The title says it all. Specifically: given strictly positive real numbers $a_1,\dots,a_T$ and $b_1,\dots,b_T$, I want to sample from $$\mu:=\text{Uniform}(\{p\in[0,\infty)^T : \sum_{t=1}^T a_t p_t = 1\}\cap\{p\in[0,\infty)^T : \sum_{i=1}^T b_t p_t = 1\}),$$ assuming that the intersection is nonempty.

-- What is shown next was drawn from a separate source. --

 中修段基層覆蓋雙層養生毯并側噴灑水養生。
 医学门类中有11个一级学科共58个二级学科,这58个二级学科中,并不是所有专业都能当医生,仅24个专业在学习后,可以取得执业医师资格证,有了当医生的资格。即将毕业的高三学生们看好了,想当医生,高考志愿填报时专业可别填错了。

My best attempt so far is the following rejection sampling algorithm:
- Set $u_t = \min\{\frac{1}{a_t},\frac{1}{b_t}\}$ for $t=1,\dots,T-1$.
- Sample $p_t \sim \text{Uniform}(0,u_t)$ for $t=1,\dots,T-1$.
- (Justification: if $p_t>u_t$ then $\max\{a_t,b_t\} p_t > \max\{a_t,b_t\}\min\{\frac{1}{a_t},\frac{1}{b_t}\} = 1$, so $p_t$ cannot be the $t$th coordinate of a sample from $\mu$.)
- Set $s_a = \sum_{t=1}^{T-1} a_t p_t$ and $s_b = \sum_{t=1}^{T-1} b_t p_t$.
- If $s_a>1$ or $s_b>1$, reject.
- If $\frac{1}{a_T}(1-s_a) \neq \frac{1}{b_T}(1-s_b)$, reject.
- Else, set $p_T = \frac{1}{a_T}(1-s_a)$ and accept $p=(p_1,\dots,p_T)$.
The trouble is that in step 5, we will reject with probability 1.
Does anyone know how to do this properly, either using something like the above or via a totally different approach? Thanks in advance for any ideas!